RECORD EXTRACTS section start

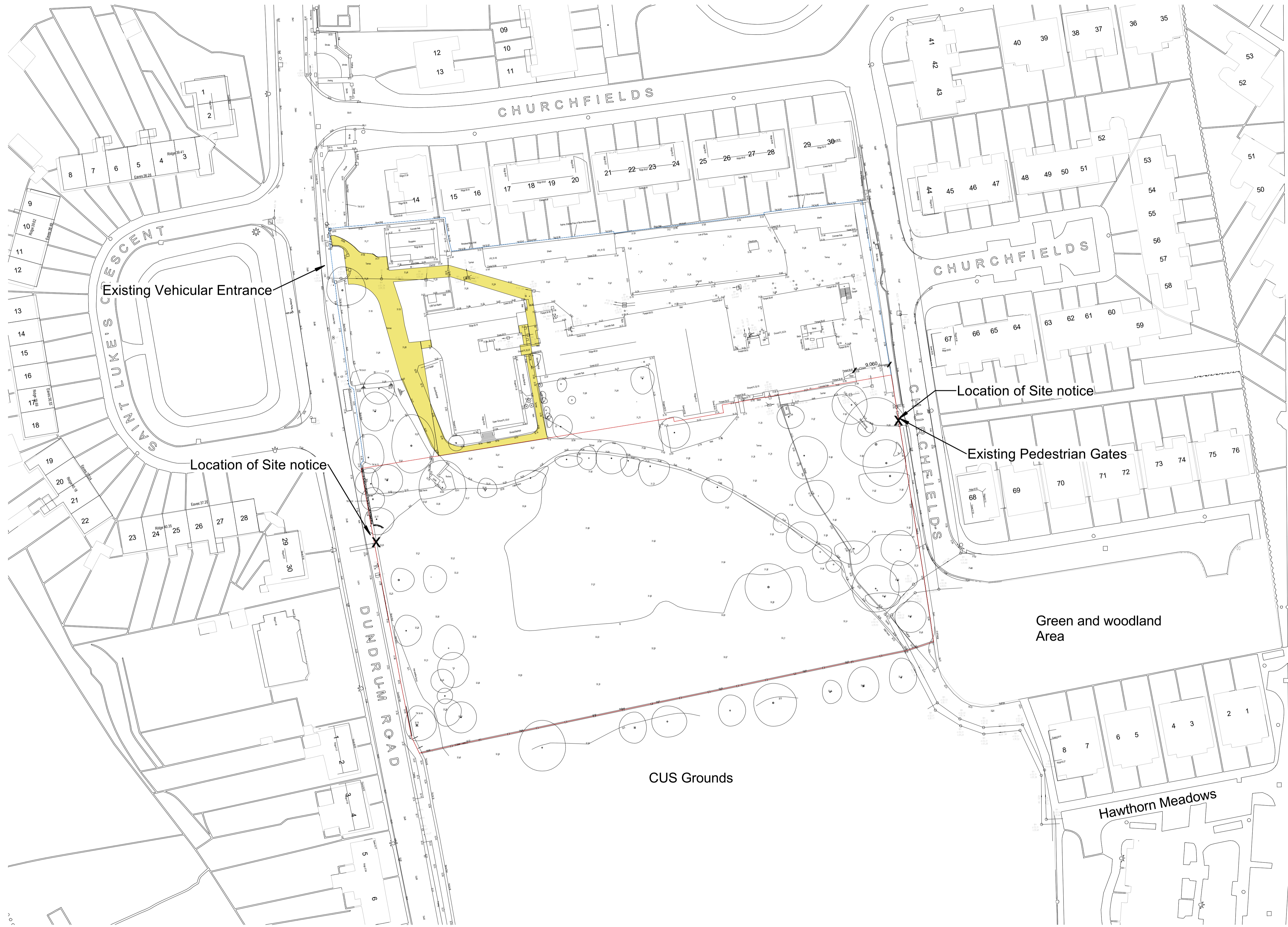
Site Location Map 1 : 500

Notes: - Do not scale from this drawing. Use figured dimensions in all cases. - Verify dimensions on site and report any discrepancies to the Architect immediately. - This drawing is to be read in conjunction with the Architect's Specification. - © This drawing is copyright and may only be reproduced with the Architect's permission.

RECORD EXTRACTS section end
RECORD EXTRACTS section start

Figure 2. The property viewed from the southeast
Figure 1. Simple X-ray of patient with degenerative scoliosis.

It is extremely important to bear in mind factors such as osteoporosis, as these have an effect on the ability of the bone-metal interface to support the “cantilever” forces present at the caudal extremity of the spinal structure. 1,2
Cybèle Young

RECORD EXTRACTS section end

> TASK GOAL
Of the entries above, repeat exactly the lines between the line with "It is extremely" and the line with "Cybèle Young", inclusive, and no others.

> ANSWER
It is extremely important to bear in mind factors such as osteoporosis, as these have an effect on the ability of the bone-metal interface to support the “cantilever” forces present at the caudal extremity of the spinal structure. 1,2
Cybèle Young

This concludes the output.